Author: Cara Brunello

Crap, Cabs, and Construction: Learning How To Walk in Buenos Aires

There are three culprits that impede a traveler from walking the streets of Buenos Aires in a brisk, yet casually cool, manner. Crap, cabs, and construction.

“You have to look at the ground,” my sister-in-law tells me in Spanish. Her tone is firm and I immediately feel nine-years-old.

“All porteños watch the ground when they walk,” she says.

A porteño (meaning someone from the port) is a nickname reserved for those born and raised in Buenos Aires. I am not a porteño, and thus – I step in dog poop. In fact, I slip! in dog poop. Flailing clumsily – as if in a banana peel, slap-stick comedy sketch – and nearly wipe-out in front of an audience of sophisticated, alfresco diners who are, surely, all porteños.

“How can I look at the ground when I’m talking to you?” I ask her, as if the two acts are impossible to achieve simultaneously.

“Figure it out,” she says with a smirk.


“They didn’t mention that in your travel books,” my husband says, flicking his head in the direction of the aforementioned poop. Annoyed and embarrassed, I scrape the sole of my shoe against the edge of the sidewalk like an angry bull.

“What kind of country allows dog poop in the streets, anyway?” I ask.

“Argentina,” my husband says flatly. He gives me a look that says: Okay, okay. You stepped in poop. Let’s get a move on.

No cars in sight, I step off the curb to cross the street but am yanked back onto the sidewalk by my husband. “Espera,” he says. “Wait. Watch for the cabs coming around the corner. They don’t stop for pedestrians here.”

“What do you mean?”

“I mean, they don’t stop. They’ll hit you.”

“Good to know.”

I lean forward to get a better look at the corner and any oncoming traffic. A cab makes a sharp turn and gives a curt honk.Again, I lean forward, then arch back as another cab whips around the corner. My upper body swings back and forth like this several times and I feel ready to hop into a round of double-dutch jump rope. As we wait on the corner my mother-in-law leans into me and says: “Hold your purse. Thieves ride by on motorcycles and snatch your bag. They’ll drag you with them if they have to.”

“Come on,” I say incredulously.

She tucks her chin and raises an eyebrow. “Cómo que no?” she says. “You don’t think so, eh?”

We continue our walk down Avenida Santa Fe, a main shopping area in the popular neighborhood of Palermo. We pass dozens of storefront windows displaying every variety of women’s leather sandals: green, purple, orange, strappy, studded, high-heeled. My mother-in-law and I stop to point-out which pairs we like best. My husband and sister-in-law wait patiently on the curb while thick crowds of shoppers pass by. I notice immediately that no one in the crowd appears to be looking at the ground or guarding their purse.

Leaving the apartment this morning I had a vision of myself walking the tree-lined streets of Buenos Aires in a flouncy summer dress, hand-in-hand with my handsome beau, strangers’ heads turning to look at us, “What an attractive couple,” they would say in hushed tones. But here I am, clutching my purse to my chest, hunched-over like an old lady, peering at the ground for sneaky turds, tentatively peeking around the corner for flying cabs. My I’m-a-savvy-cosmopolitan-gal confidence having fully vanished, I feel like Bambi learning to walk on his scrawny fawn legs.
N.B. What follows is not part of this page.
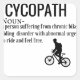 cycopath noun a person suffering from chronic bike riding disorder with abnormal urges to ride and feel free
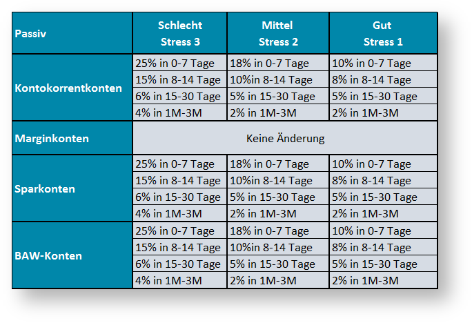 Damit werden für KK-Konten, Sparkonten und BAW Gelder unterschiedliche Höhen von Abflüssen je nach betrachtetem Szenario für einzelne Perioden (0-7 Tage, 8-14 Tage,...) angenommen.

On the next block, and the block after, and the block after that we encounter sidewalk construction. Loose tiles, cracked tiles, missing tiles, ditches, mounds of dirt, piles of rocks, workers hoisting heavy pipes and carrying stacks of bricks across their chests. There are no warning signs, no bright orange cones, no taped-off areas.

“I know, I know,” I say before any of them can instruct me on how to maneuver the terrain, “I’m looking. I’m looking!

Cara Brunello is learning to walk and talk like a porteña, and is proud to report that it’s been weeks since she last stepped in dog poop.